━━━━━ DATA UNDER STUDY

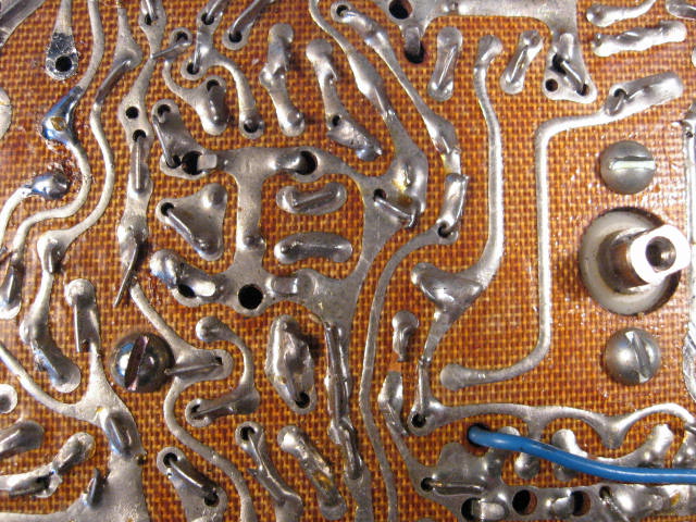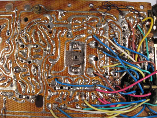 今天睡了个懒觉,11点才起床,第一时间开这机器,怎频漂这么厉害?开机2-3分钟才频率稳定下来?信号往高端走,即振荡频率一路上升。又卸下底板查振荡电路,回想到这机那被焊错的高放管问题,直接先焊下这振荡管3AG24,嗨!比那高放管的穿透电流还大!换上漂亮指标的3AG28四脚的管子,这现象解决。就是不顺,在多次拧动新换上的音量电位器时,在某一个角度会没声音,怀疑是这电位器炭膜滑板接触质量问题,仔细检查竟然是这电位器中轴的一介子稍稍大了一点点,碰到电位器附带的电源开关端子,将音频信号全短路掉了,查电路这电位器前后都有电容隔离着这负6V电压,要不然还不知会要损坏那里呢。将电源开关端子稍稍往外扳了一下问题解决。下午一直开机听一台湾电台到现在,声音甜美极了。下午特兴奋的还将这多年没油气的安全套偷偷给上了下我LP皮鞋所用的上海高级棕色靴油,油光闪闪,漂亮多了。但搞的我手上现在还棕迹斑斑。发帖告知
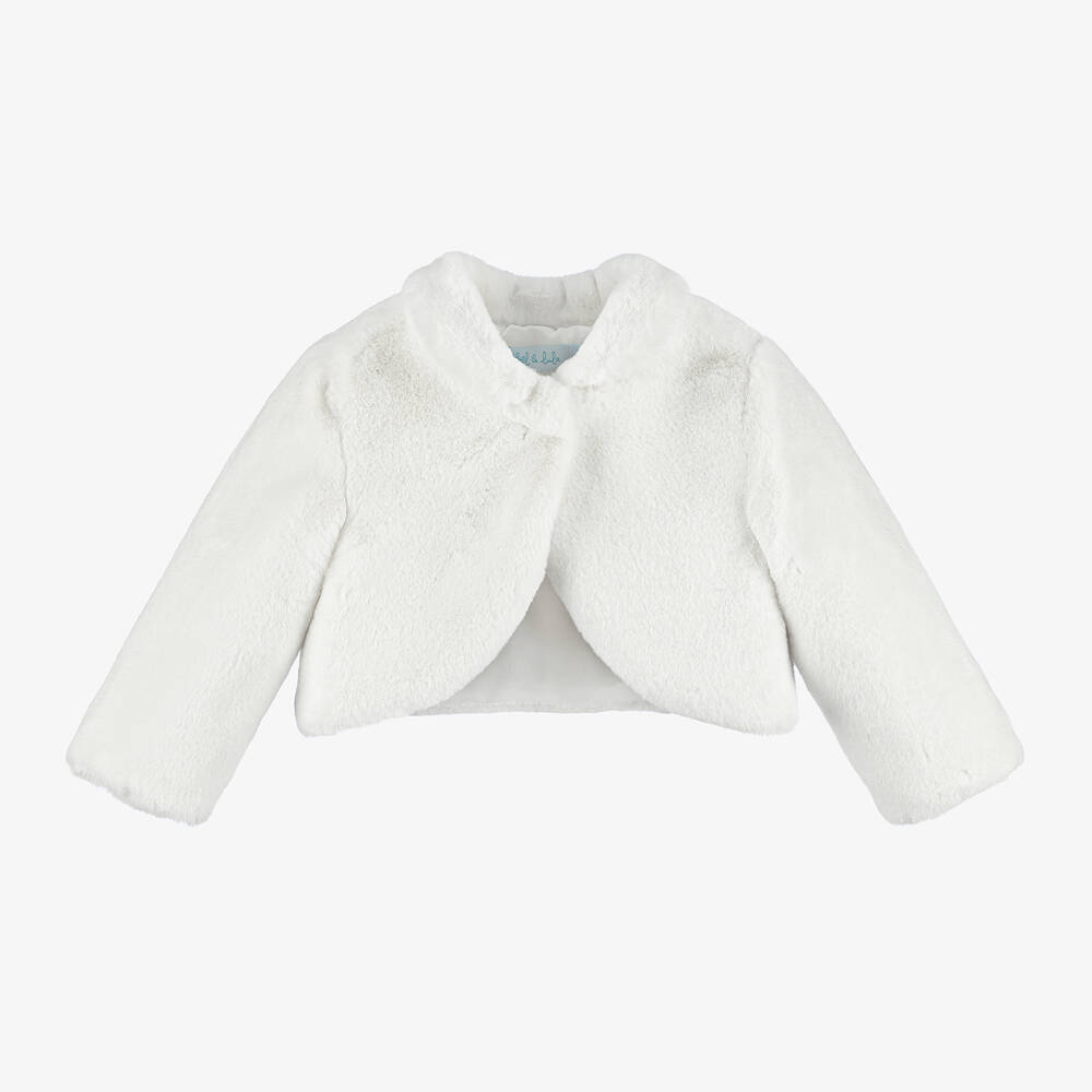 A stylish ivory jacket for little girls by Abel & Lula. Made from soft and cosy faux fur, it has a silky lining and a sweet rounded collar. In a cropped style, the hemline curves upwards at the front and there is a concealed popper fastening at the neckline.
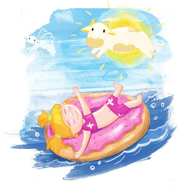 В полдень солнце влило в мореКовш парного молока.Браво солнечной корове,Что пасётся в облаках!Я, от счастья замирая,Среди тёплых волн плыву!Пена волн теперь парная:Это − чудо наяву!И, пока плыву я в далиНа спине и на боку,Я мечтаю, чтоб упалиС неба плюшки к молоку!
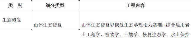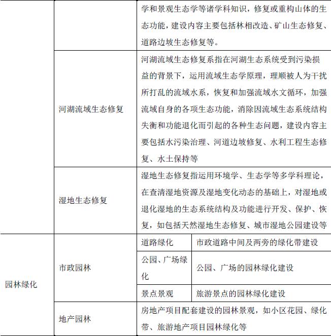 根据工程目的、施工场所、应用技术等的不同,园林生态工程可以分为生态修复和园林绿化两大类别,具体情况如下表:
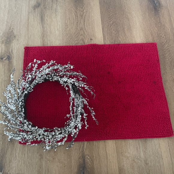 Holiday Bundle: 9" Vintage Wreath and Red Plush Cotton Mat
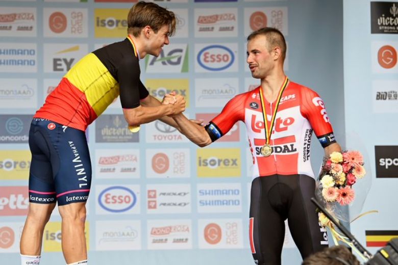 Victor Campenaerts (Lotto-Soudal) n'a pas profité de l'absence de l'ancien double champion belge du contre-la-montre (2018 et 2019) Wout Van Aert (Jumbo-Visma) pour glaner un troisième titre national ce vendredi. Et pour cause, Remco Evenepoel (Quick-Step Alpha Vinyl), qui faisait figure de favori après ses récentes performances chronométrées - encore vainqueur du contre-la-montre final du Tour de Suisse tout dernièrement -, s'est gardé le plaisir du succès. Le spécialiste de la Lotto-Soudal n'a pourtant pas démérité, réitérant la performance de l'an passé avec une belle 3e place. Il concède toute de même presque 1' sur le dauphin de la course, le champion sortant Yves Lampaert, lui-même 37'' plus lent que son coéquipier Remco Evenepoel. La formation belge a relayé les propos de son champion de 30 ans.
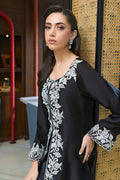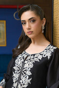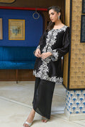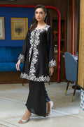 This Black and white article features a sheesha silk front open coat with fully embroidered and embellished neckline, front panels, daaman and sleeves all paired with high-lo silk flared pants and a matching slip.
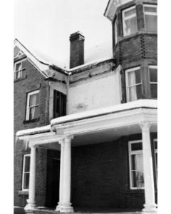 Accession: 1976.038.064 Object: photograph : b&w Title: Parkin Manor, 324 10th Avenue S, Cranbrook, BC Description: Photo of Parkin Manor close-up of porch (upper verandah removed in 1975), 324 10th Avenue S, Cranbrook, BC

━━━━━━━━━━

● **WHAT THE TASK ASKS**: Working from the data above, repeat exactly, and only, the lines that begin at the line containing "根据工程目的、施工场所、应用" and stop after the line containing "Plush Cotton Mat"; pictures are not copied.

● **WORKED SOLUTION**:
 根据工程目的、施工场所、应用技术等的不同,园林生态工程可以分为生态修复和园林绿化两大类别,具体情况如下表:
 Holiday Bundle: 9" Vintage Wreath and Red Plush Cotton Mat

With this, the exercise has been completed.